L’incidente sul lavoro si è consumato ieri mattina mentre il palermitano era impegnato in alcune operazioni di carico e scarico merce. La tragedia in via Renato Guttuso a Capaci. Le indagini sono condotte dai carabinieri della compagnia di Carini. Secondo quanto ricostruito, Costantino sarebbe sceso dal camion per ispezionare il mezzo nella zona delle ruote. Il mezzo però sarebbe andato indietro travolgendolo e non lasciandogli scampo. Inutile l’intervento dei sanitari del 118 che hanno chiamato i carabinieri della compagnia di Carini.

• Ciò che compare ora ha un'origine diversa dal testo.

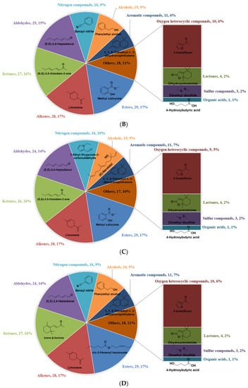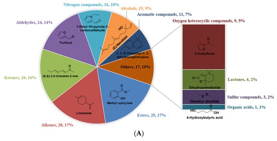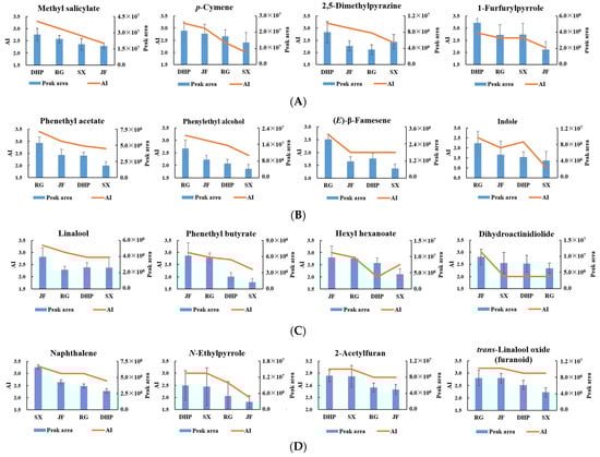 Although it was inappropriate to compare the contents of the VFCs directly using their corresponding peak areas due to the great abundance differences presented in the GC–MS chromatogram brought about by the different functional groups, the peak area of the compounds in the same categories with the same functional groups might provide some references for their concentration distribution orders. Limonene, 1,1,6-trimethyl-1,2-dihydronaphthalene, 2-acetylfuran, dihydroactinidiolide, dimethyl disulfide, and 4-hydroxybutyric acid, which belong to alkenes, aromatic compounds, oxygen heterocyclic compounds, lactones, sulfur compounds, and organic acids, showed the highest concentrations in the corresponding chemical categories in all types of WRTs. Some differences in compounds with the highest concentrations in the other five chemical categories were observed among the four types of WRTs. Methyl salicylate and (E,E)-3,5-octadien-2-one were the most abundant esters and ketones in DHP, RG, and SX, whereas cis-3-hexenyl hexanoate and trans-β-ionone replaced them in the corresponding categories in JF. Among aldehydes, furfural showed the highest concentrations in DHP, while (E,E)-2,4-heptadienal was most abundant in RG, SX, and JF. Among the nitrogen compounds and alcohols, 1-ethyl-1H-pyrrole-2-carboxaldehyde and (E)-nerolidol had the highest concentrations in DHP and SX, whereas the concentrations of benzyl nitrile and phenylethyl alcohol were highest in RG and JF.

Cinque incidenti sul lavoro in 24 ore

È una vera e propria strage silenziosa cominciata nel seminterrato del campus ricerca dell’ospedale Humanitas di Rozzano, nel milanese, dove Emanuele Zanin, bresciano di 46 anni, e Jagdeep Singh, indiano di 42, operai specializzati in trasporti criogenici stavano rifornendo il serbatoio di azoto dalla loro autocisterna. Li hanno ritrovati a terra privi di vita, forse investiti da una perdita di azoto.

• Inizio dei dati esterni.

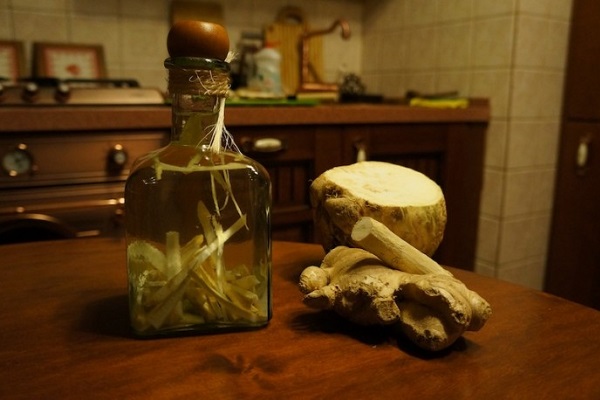 - Настойка хрена. 500 г листьев хрена перемолоть и залить водой. Настаивать на протяжении недели, после чего добавить 2 ст. л. меда и 50 г лимонного сока. Употреблять перед едой по 1 ст. л.

Un altro incidente mortale è accaduto a Nichelino, nell’hinterland torinese. Qui il titolare di un’officina, Leonardo Perna di 72 anni, è caduto da una struttura alta due metri battendo violentemente la testa. Un’altra caduta fatale anche a Loreggia, in provincia di Padova, per Valerio Bottero, un imbianchino di 52 anni che si è schiantato dall’impalcatura di cinque metri mentre stava rifacendo la facciata di un’azienda.

E sempre  ieri  mattina la tragica notizia della morte cerebrale di Saverio Guerra, un operaio di 46 anni residente a Nova Milanese rimasto schiacciato una decina di giorni fa da un’imballatrice di un’impresa che produce copri-ventole di motori elettrici ad #Inverigo, in provincia di Como.  Una lunga scia di morte che non sembra avere fine.